TASK PROMPT
Transcribe exactly, and only, the lines running from the one that contains "5.防災減災。2015年全國" through the last line of the material. No pictures.

DATA FOR THIS EXERCISE
▽

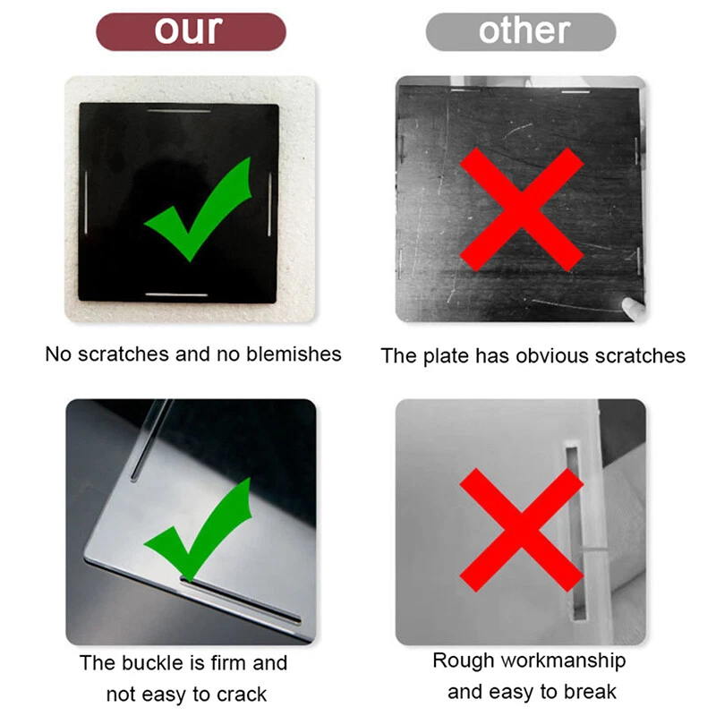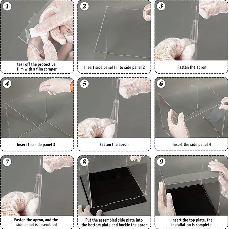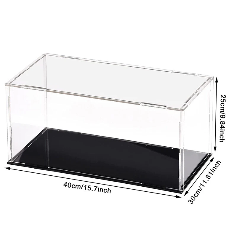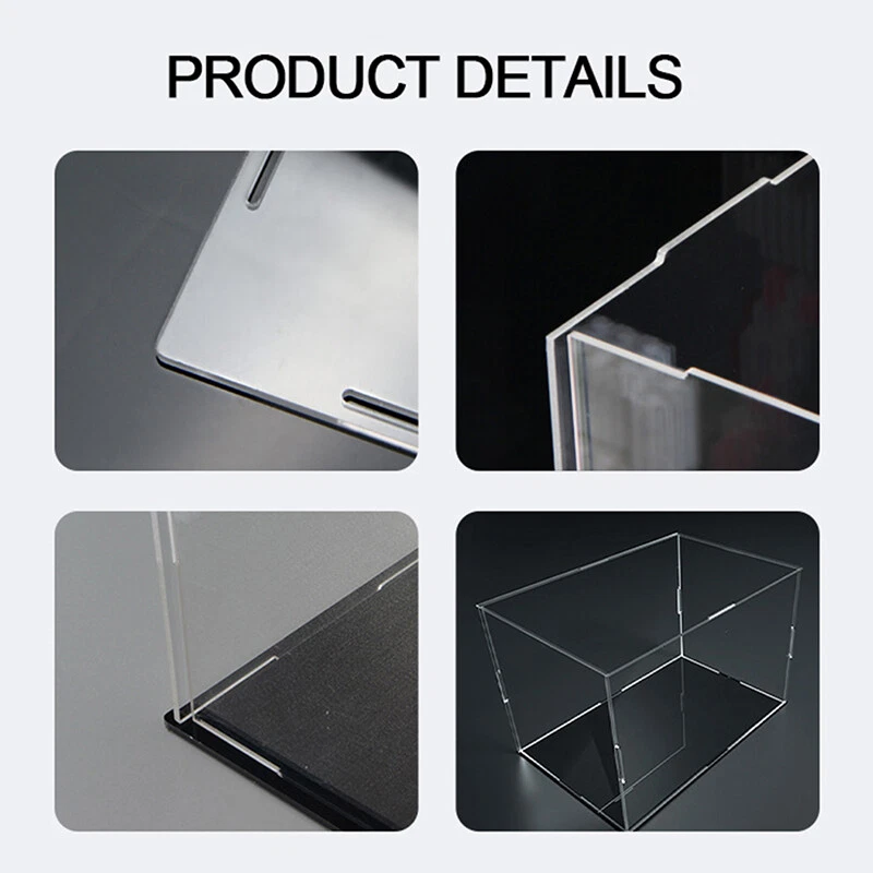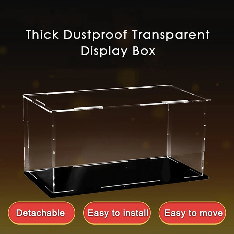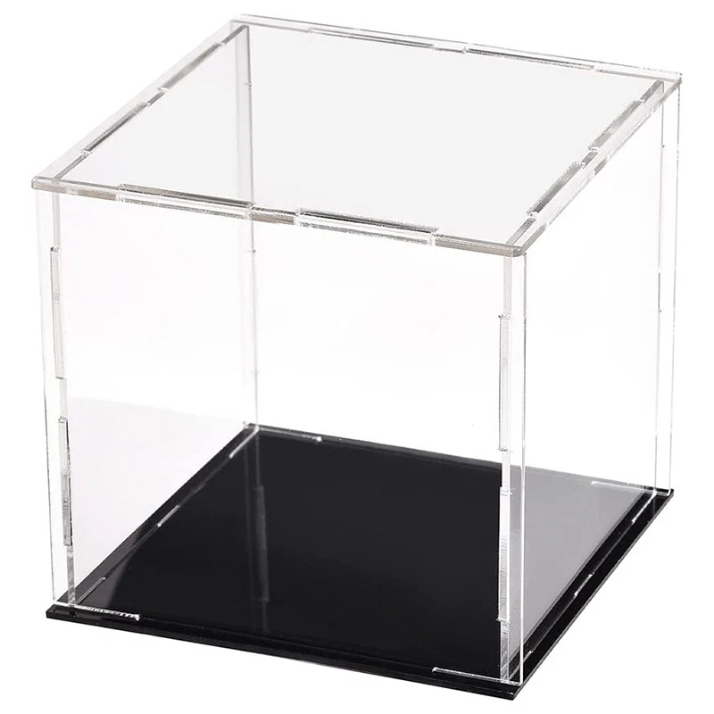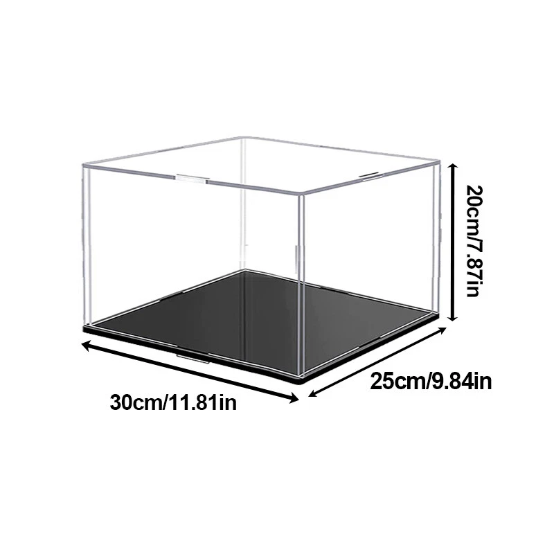 Describe Product Name: Model Display Box Material: Acrylic Color: Black Base, Transparent Box Shape: Rectangular Horizontal Section Thickness: black base 3mm, transparent plate 2mm Uses: for displaying figurines, jewelry, collectibles, glassware, and more. Features: - The display case is easy to assemble without glue and is wrapped on each side to prevent scratches during shipping. - Dustproof and extremely clear for use on figures, action figures, figure models, car models and more. - It's suitable for giving your collection a stylish look and protecting your keepsakes or dolls from dust and odours. - These display boxes are great for anything you want to display, store your art materials, collectibles, and more. Keep your collection dust-free, reduce sunlight and UV radiation, and delay plastic aging. - Sturdy and easy to clean. It's well-balanced and sturdy enough not to be knocked over easily. - Protect and display your favorite collectibles such as figurines, models and more. - It's suitable for displaying figurines, jewelry, collectibles, glassware, and more. Package includes: 1Pcs Model Display Box Notes: 1. When splicing display boxes, you need to use rubber bands to secure the connecting parts, otherwise the connection will not be firm. 2. Manual measuring, please allow 1 ~ 3mm error,thank you. 3. Due to the difference between different monitors, the picture may not reflect the actual color of the item. We guarantee the style is the same as shown in the picture.
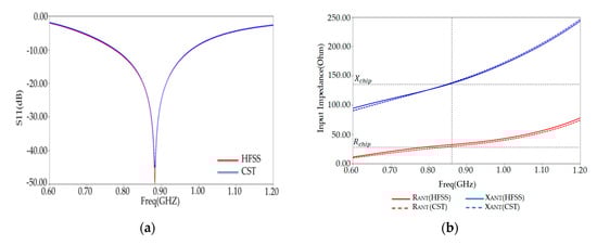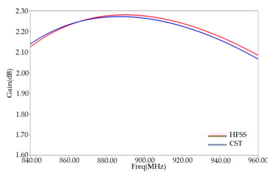 In the following, we investigated an optimized tag antenna’s performance using both HFSS and CST simulation tools. The reflection coefficient S11 and total-gain against the frequency are respectively shown in Figure 18a,b. Here, we also notice that both solvers give similar results. The reflection coefficient S11 has a maximum of S11 = −32.85 dB at frequency resonance of 878 MHz. The extracted maximum gain from Figure 18b has a value of 1.82 dB around 878 MHz.
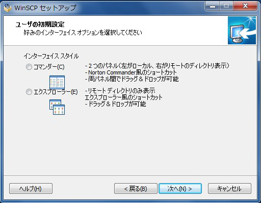 WinSCPのインストール時に「コマンダー」か「エクスプローラー」から選択できます。
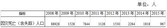 5.防災減災。2015年全國各類自然災害共造成1.9億人次不同程度受災,因災死亡失蹤967人,緊急轉移安置644.4萬人次;農(nóng)作物受災面積21769.8千公頃,其中絕收面積2232.7千公頃;倒塌房屋24.8萬間,損壞房屋250.5萬間;因災直接經(jīng)濟損失2704.1億元。國家減災委、民政部共啟動20次國家救災應急響應,累計救助受災群眾6000余萬人次,向受災省份累計下?lián)苤醒胱匀粸暮ι钛a助資金94.72億元,緊急調(diào)撥4.7萬頂救災帳篷、16.1萬床棉被、11萬件棉大衣、2.3萬個睡袋、5萬張折疊床等生活類中央救災物資,高效有序應對了波及我國西藏日喀則地區(qū)的尼泊爾強烈地震、云南滄源地震、新疆皮山地震、臺風“蘇迪羅”和“彩虹”、南方暴雨洪澇風雹災害等重特大自然災害。創(chuàng)建“全國綜合減災示范社區(qū)”1390個。
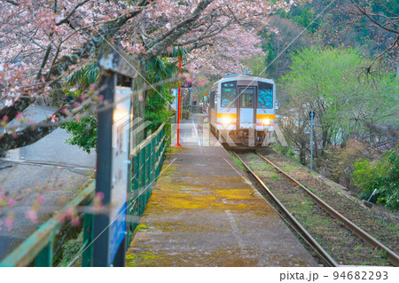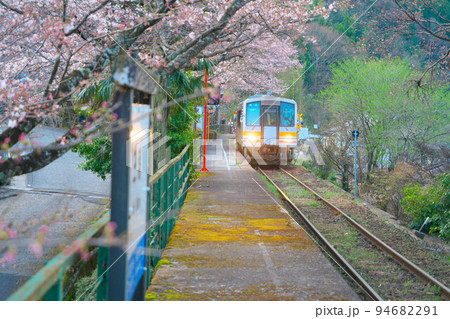 ソメイヨシノ咲く因美線三浦駅を発車する津山行き普通列車 岡山県津山市
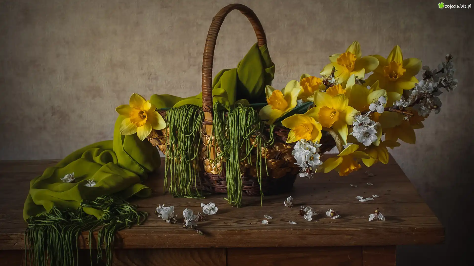 Zdjęcie Bukiet, Kwiaty, Żonkile, Kosz, Zielony, Szal

△

YOUR RESPONSE
 5.防災減災。2015年全國各類自然災害共造成1.9億人次不同程度受災,因災死亡失蹤967人,緊急轉移安置644.4萬人次;農(nóng)作物受災面積21769.8千公頃,其中絕收面積2232.7千公頃;倒塌房屋24.8萬間,損壞房屋250.5萬間;因災直接經(jīng)濟損失2704.1億元。國家減災委、民政部共啟動20次國家救災應急響應,累計救助受災群眾6000余萬人次,向受災省份累計下?lián)苤醒胱匀粸暮ι钛a助資金94.72億元,緊急調(diào)撥4.7萬頂救災帳篷、16.1萬床棉被、11萬件棉大衣、2.3萬個睡袋、5萬張折疊床等生活類中央救災物資,高效有序應對了波及我國西藏日喀則地區(qū)的尼泊爾強烈地震、云南滄源地震、新疆皮山地震、臺風“蘇迪羅”和“彩虹”、南方暴雨洪澇風雹災害等重特大自然災害。創(chuàng)建“全國綜合減災示范社區(qū)”1390個。
 ソメイヨシノ咲く因美線三浦駅を発車する津山行き普通列車 岡山県津山市
 Zdjęcie Bukiet, Kwiaty, Żonkile, Kosz, Zielony, Szal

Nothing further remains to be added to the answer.